[Data excerpts]
=-=-=
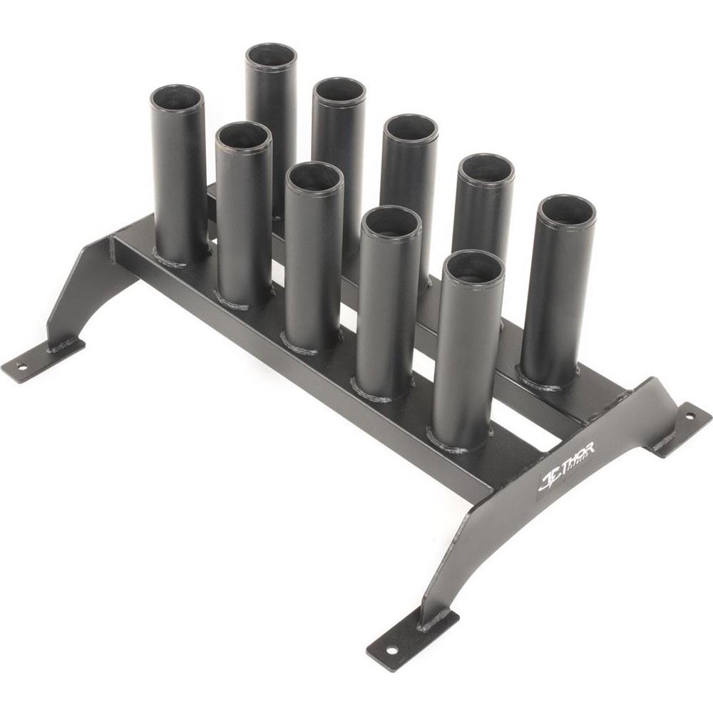 Med Thor Fitness Barbell Stand så får du ett robust skivstångställ som har 10st platser för skivstänger (50mm) och som står stadigt även då det är fullt lastat. Kvalitet: Kommersiell Vikt: 12,3 kg Bredd: 630 mm Höjd: 320 mm Längd: 530 mm
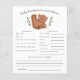 Cute woodland theme baby shower baby predictions and advice card featuring illustrations of a bear with greenery. The texts are editable. Perfect game to play during the shower and will definitely be a great keepsake! The card asks guests to predict what the baby would look like.
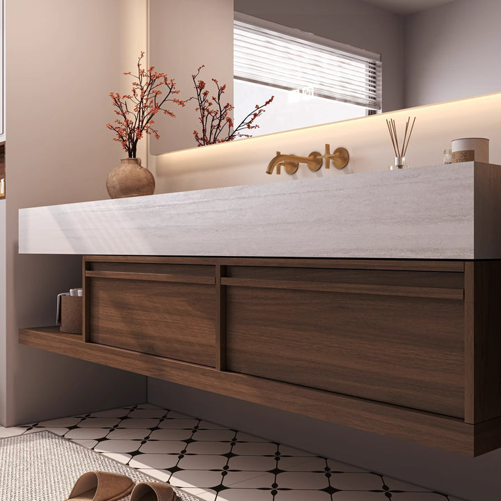 [Customized] Medieval style rock slab hot bending integrated basin bathroom cabinet hand wash...
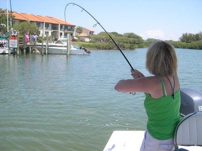 The afternoon I had a special angler onboard, my wife Jackie AKA the Admiral. Jackie wanted to see firsthand this amazing Monster redfish action. Two casts and Jackie was into another BIG redfish, check out the image you can see she had her hands full! 10-15 minutes later she was posing with a beautiful 33" 11.5 Pound redfish. Next cast Jackie was once again had her hands full of 10 pounds of redfish. Jackie looked at me and said I had enough I'm going to sit and read my book. Reds this size are bulldogs making big heads shacks and powerful runs. White baits and pinfish connected to 1/0 hooks backed with 30 pound fluorocarbon leaders.
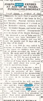 Joseph Green, 28, and Jennie C. Currant married on 20 Jan 1889 in Franklin County, Nebraska.
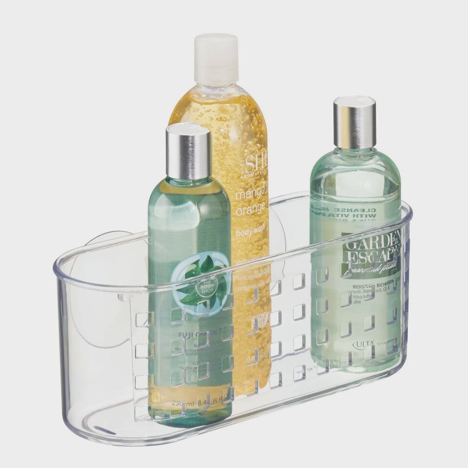 - iDesign Plastic Suction Bathroom Shower Caddy Basket for Shampoo, Conditioner,
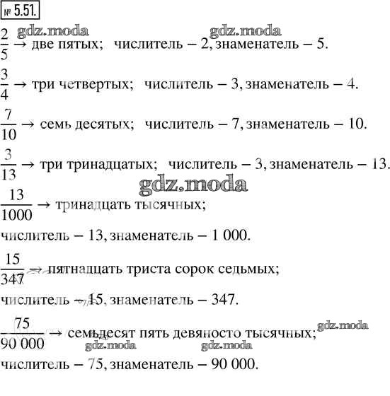 ОТВЕТ на задание № 5.51 Учебник по Математике 5 класс Виленкин
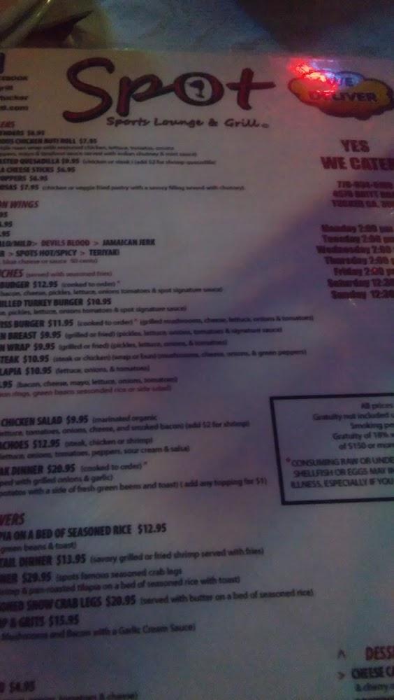 Welcome to The Spot Bar & Grill, your freshly renovated neighborhood hotspot located in Tucker, GA. Enjoy a lively atmosphere featuring delicious American cuisine, specializing in mouth-watering chicken wings, all within a vibrant sports bar setting. Join us for karaoke nights and dance to your favorite tunes, or catch the latest games on our big screens. We offer a range of amenities, including patio seating, takeout, and delivery options, ensuring you have a delightful experience. Our accessible facilities and friendly staff make The Spot the ideal place for gatherings, whether it's a casual dinner or a night out with friends.
=-=-=
What the exercise asks:
Please restate the lines above exactly, starting at the first line of the data and stopping at the line containing "Cute woodland theme", which is included. Omit pictures.

Answer below:
 Med Thor Fitness Barbell Stand så får du ett robust skivstångställ som har 10st platser för skivstänger (50mm) och som står stadigt även då det är fullt lastat. Kvalitet: Kommersiell Vikt: 12,3 kg Bredd: 630 mm Höjd: 320 mm Längd: 530 mm
 Cute woodland theme baby shower baby predictions and advice card featuring illustrations of a bear with greenery. The texts are editable. Perfect game to play during the shower and will definitely be a great keepsake! The card asks guests to predict what the baby would look like.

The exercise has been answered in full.